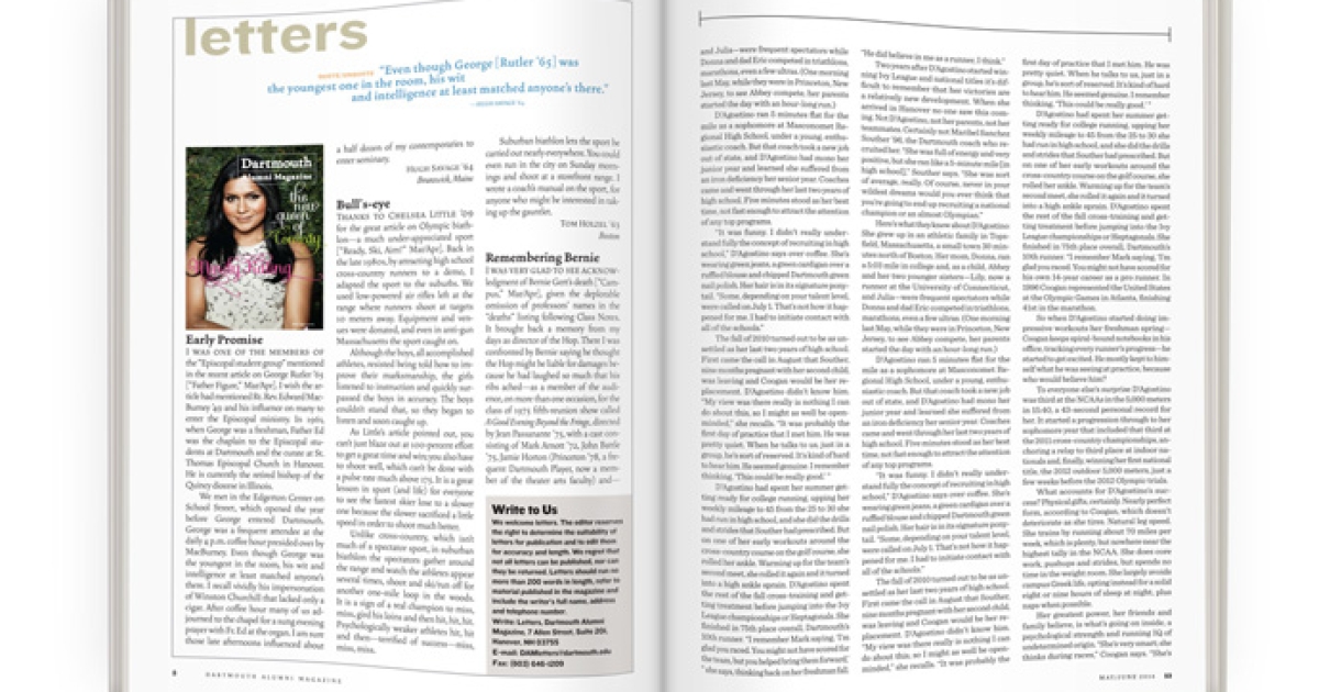 Bull’s-eye Thanks to Chelsea Little ’09 for the great article on Olympic biathlon—a much under-appreciated sport [“Ready, Ski, Aim!” Mar/Apr]. Back in the late 1980s, by attracting high school cross-country runners to a demo, I adapted the sport to the suburbs. We used low-powered air rifles left at the range where runners shoot at targets 10 meters away. Equipment and venues were donated, and even in anti-gun Massachusetts the sport caught on. Although the boys, all accomplished athletes, resisted being told how to improve their marksmanship, the girls listened to instruction and quickly surpassed the boys in accuracy. The boys couldn’t stand that, so they began to listen and soon caught up. As Little’s article pointed out, you can’t just blaze out at 100-percent effort to get a great time and win; you also have to shoot well, which can’t be done with a pulse rate much above 175. It is a great lesson in sport (and life) for everyone to see the fastest skier lose to a slower one because the slower sacrificed a little speed in order to shoot much better. Unlike cross-country, which isn’t much of a spectator sport, in suburban biathlon the spectators gather around the range and watch the athletes appear several times, shoot and ski/run off for another one-mile loop in the woods. It is a sign of a real champion to miss, miss, gird his loins and then hit, hit, hit. Psychologically weaker athletes hit, hit and then—terrified of success—miss, miss, miss. Suburban biathlon lets the sport be carried out nearly everywhere. You could even run in the city on Sunday mornings and shoot at a storefront range. I wrote a coach’s manual on the sport, for anyone who might be interested in taking up the gauntlet.
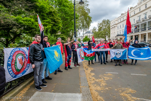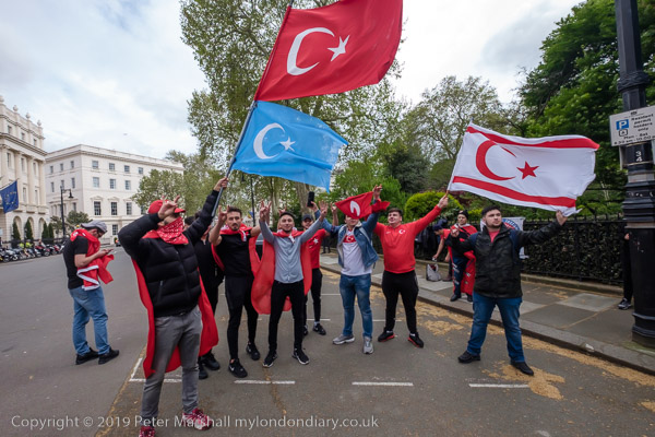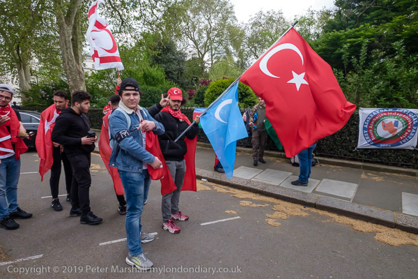 beyond them were another group of protesters, with various flags,
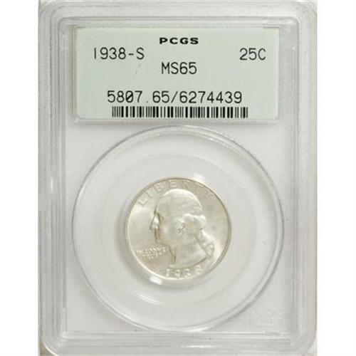 <B>1938-S 25C MS65 PCGS.</B></I> PCGS Population (671/346). NGC Census: (364/244). Mintage: 2,832,000. Numismedia Wsl. Price for NGC/PCGS coin in MS65: $220. (#5807)<BR><BR><B>Coin Engraver:</B> John Flanagan<BR><BR><b>Shipping:</b> Coins & Currency (<a target="_blank" href="http://www.heritageauctions.com/common/shipping.php">view shipping information</a>\)

* [WORK ITEM]:
Print all of the material exactly. Omit pictures.

* [ANSWER TO THIS TASK]:
 Bull’s-eye Thanks to Chelsea Little ’09 for the great article on Olympic biathlon—a much under-appreciated sport [“Ready, Ski, Aim!” Mar/Apr]. Back in the late 1980s, by attracting high school cross-country runners to a demo, I adapted the sport to the suburbs. We used low-powered air rifles left at the range where runners shoot at targets 10 meters away. Equipment and venues were donated, and even in anti-gun Massachusetts the sport caught on. Although the boys, all accomplished athletes, resisted being told how to improve their marksmanship, the girls listened to instruction and quickly surpassed the boys in accuracy. The boys couldn’t stand that, so they began to listen and soon caught up. As Little’s article pointed out, you can’t just blaze out at 100-percent effort to get a great time and win; you also have to shoot well, which can’t be done with a pulse rate much above 175. It is a great lesson in sport (and life) for everyone to see the fastest skier lose to a slower one because the slower sacrificed a little speed in order to shoot much better. Unlike cross-country, which isn’t much of a spectator sport, in suburban biathlon the spectators gather around the range and watch the athletes appear several times, shoot and ski/run off for another one-mile loop in the woods. It is a sign of a real champion to miss, miss, gird his loins and then hit, hit, hit. Psychologically weaker athletes hit, hit and then—terrified of success—miss, miss, miss. Suburban biathlon lets the sport be carried out nearly everywhere. You could even run in the city on Sunday mornings and shoot at a storefront range. I wrote a coach’s manual on the sport, for anyone who might be interested in taking up the gauntlet.
 beyond them were another group of protesters, with various flags,
 <B>1938-S 25C MS65 PCGS.</B></I> PCGS Population (671/346). NGC Census: (364/244). Mintage: 2,832,000. Numismedia Wsl. Price for NGC/PCGS coin in MS65: $220. (#5807)<BR><BR><B>Coin Engraver:</B> John Flanagan<BR><BR><b>Shipping:</b> Coins & Currency (<a target="_blank" href="http://www.heritageauctions.com/common/shipping.php">view shipping information</a>\)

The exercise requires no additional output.